**Records to process:**
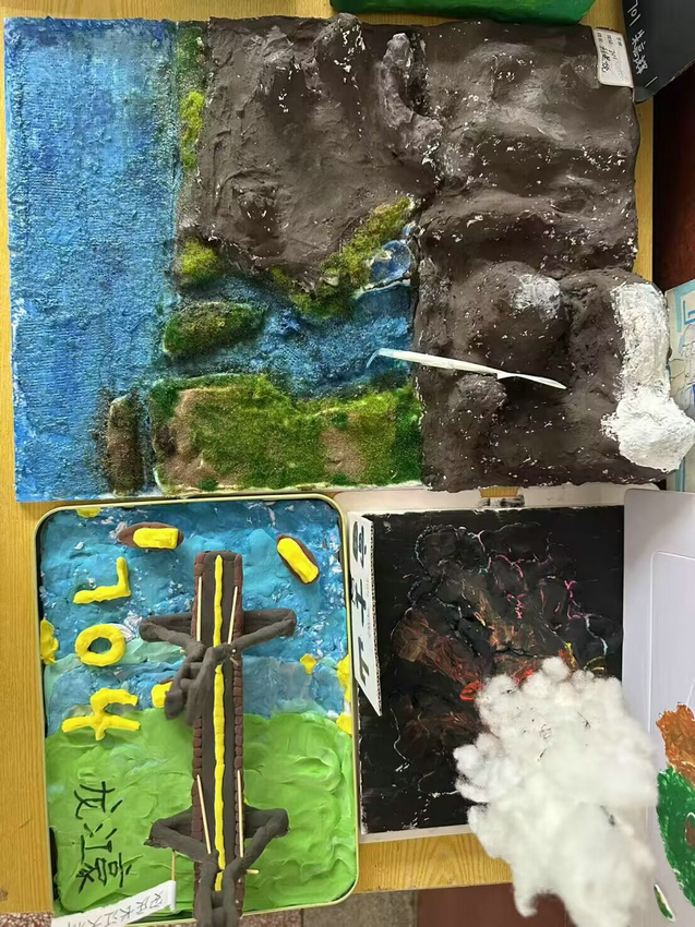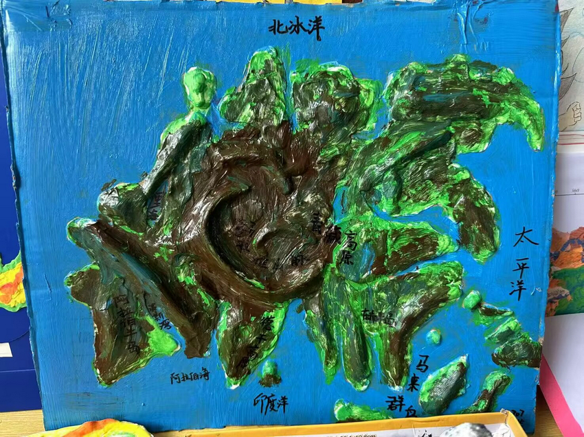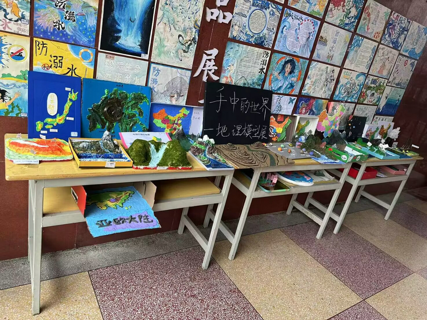 为庆祝建校21周年暨“5.18”校庆日,安庆市外国语学校西区七年级全体学生在地理组教师的精心指导下,开展了以“手中的世界”为主题的地理模型创作活动。同学们以黏土、橡皮泥为“画笔”,废旧纸板、尺子、牙签等为“调色盘”,将课本中的地理知识转化为立体生动的艺术作品。从经纬交错的地球仪,到层峦叠嶂的地表形态;从轮廓鲜明的大洲版图,到独具特色的地貌模型,每件作品都凝聚着学生对地理知识的深刻理解。
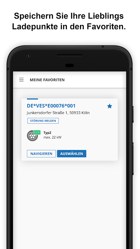 히스토리에서 전기 자동차를 이미 충전한 위치를 확인할 수 있습니다. 정기적으로 차를 몰고 가는 충전소가 있습니까? 그런 다음 쉽게 즐겨찾기로 표시하세요. 여행을 시작하기 전에 간단한 가용성 확인을 수행하십시오. 또는 전기 자동차를 충전할 수 있는 다른 사용 가능한 충전 지점을 선택하십시오.
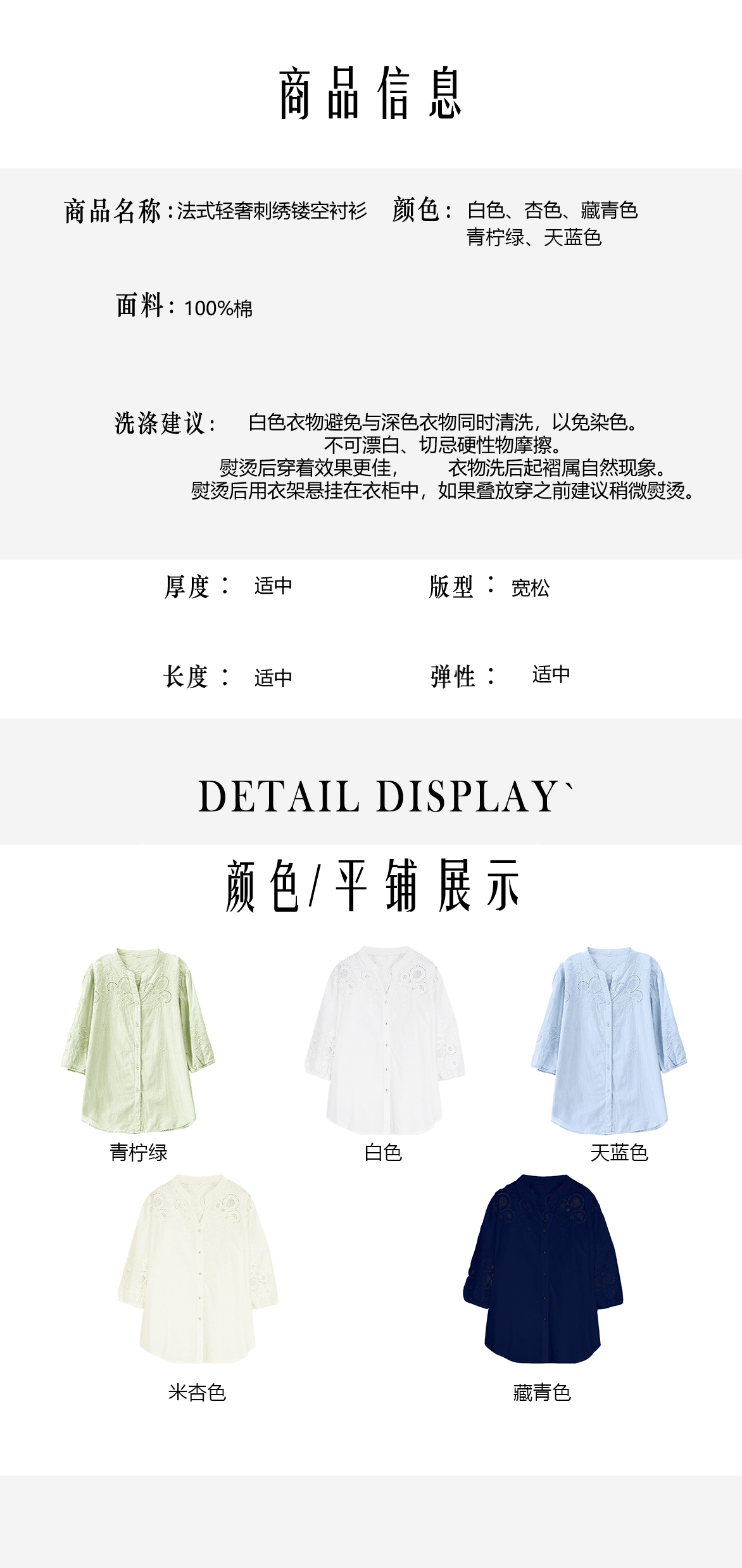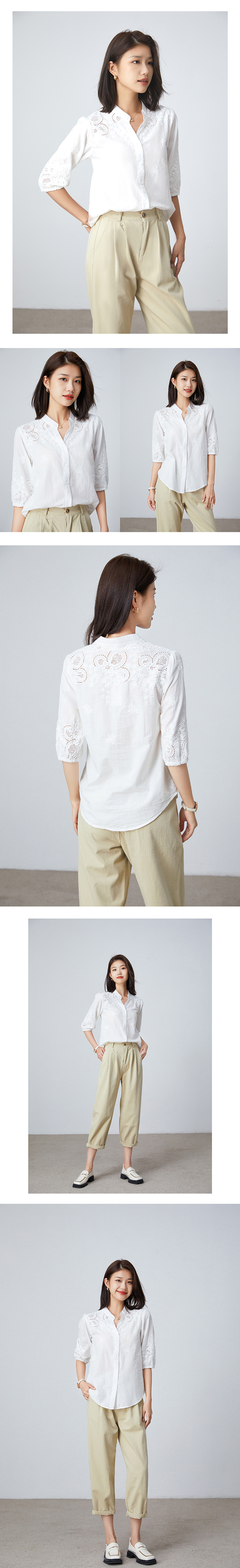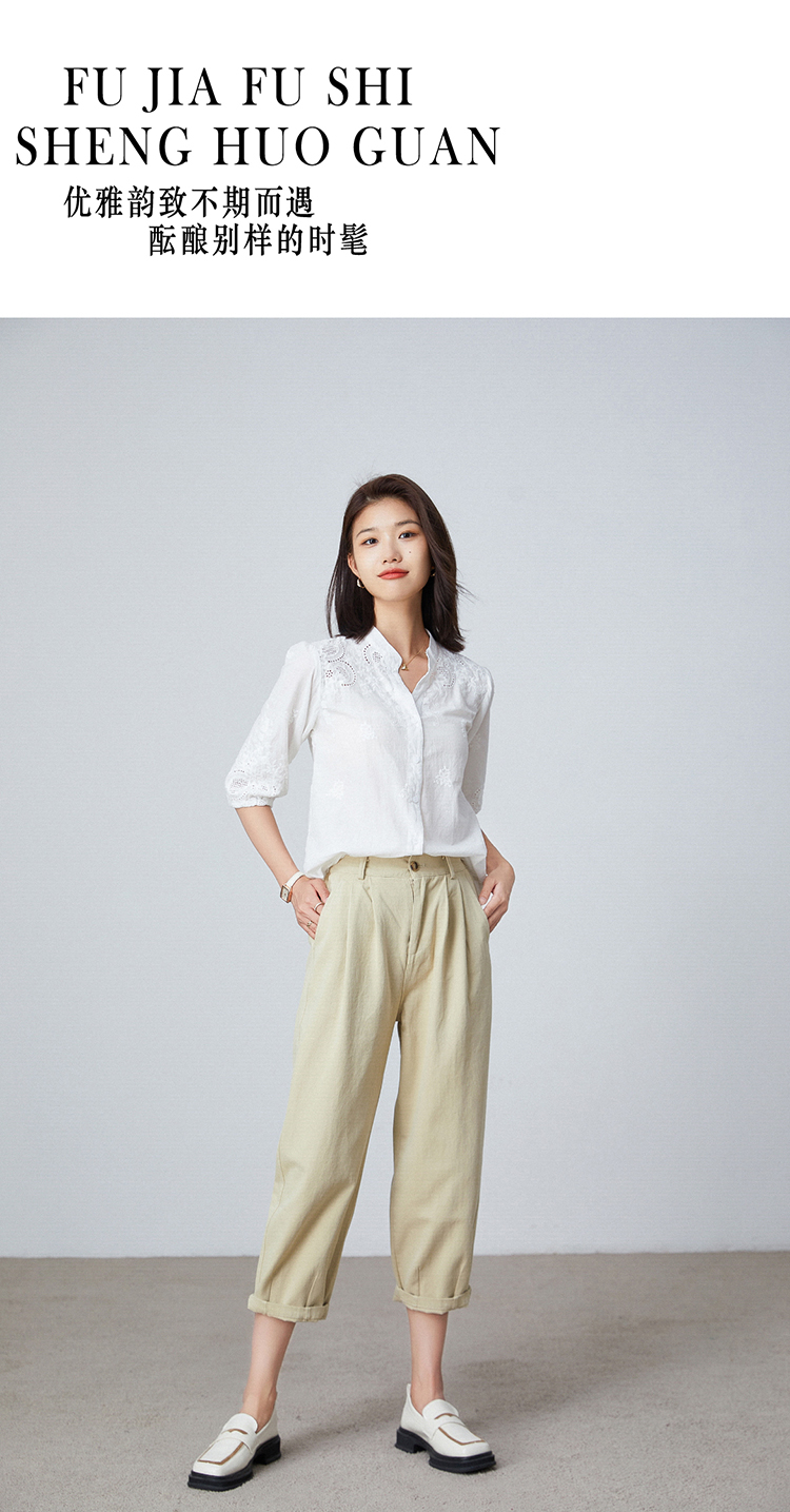 馥迦法式轻奢刺绣镂空衬衫/休闲裤
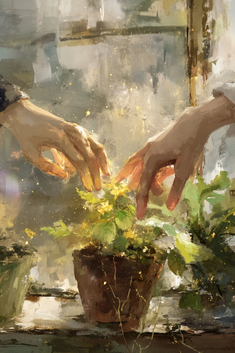 흙이 약간 쏟아지고 잎사귀가 기울었다. 우리의 손은 닿지 않았고, 거의 닿았다. 그 ‘거의’가 심장을 세게 쳤다.
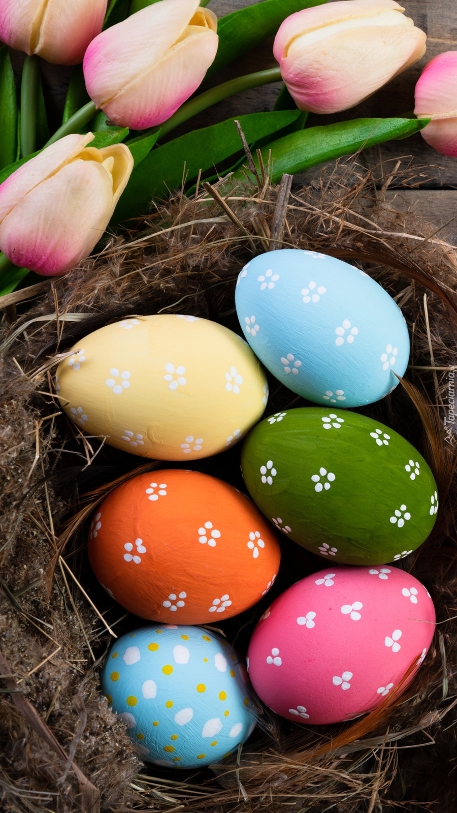 Edytor tapety: Tulipany obok pisanek w gniazdku
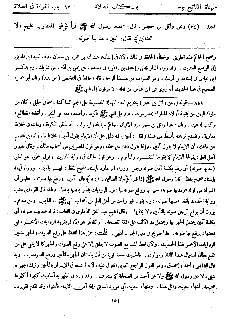 851- (24) وعن وائل بن حجر، قال: ((سمعت رسول الله - صلى الله عليه وسلم - قرأ {غير المغضوب عليهم ولا الضالين} فقال: آمين، مد بها صوته)) .
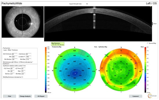 An example case imaged postoperatively after 3 months using anterior segment OCT (Avanti, Optovue, CA, USA) documenting the deep CXL line visualized in the example case at a 9 mm corneal diameter, as well as the respective epithelial remodeling—as we have reported—that may be indicative of ectasia stabilization.

**Assignment:**
Above are the records. Copy word for word only their lines from the one holding "히스토리에서 전기 자동차를" through the one holding "851- (24) وعن", both included, and skip the images.

**Finished exercise:**
 히스토리에서 전기 자동차를 이미 충전한 위치를 확인할 수 있습니다. 정기적으로 차를 몰고 가는 충전소가 있습니까? 그런 다음 쉽게 즐겨찾기로 표시하세요. 여행을 시작하기 전에 간단한 가용성 확인을 수행하십시오. 또는 전기 자동차를 충전할 수 있는 다른 사용 가능한 충전 지점을 선택하십시오.
 馥迦法式轻奢刺绣镂空衬衫/休闲裤
 흙이 약간 쏟아지고 잎사귀가 기울었다. 우리의 손은 닿지 않았고, 거의 닿았다. 그 ‘거의’가 심장을 세게 쳤다.
 Edytor tapety: Tulipany obok pisanek w gniazdku
 851- (24) وعن وائل بن حجر، قال: ((سمعت رسول الله - صلى الله عليه وسلم - قرأ {غير المغضوب عليهم ولا الضالين} فقال: آمين، مد بها صوته)) .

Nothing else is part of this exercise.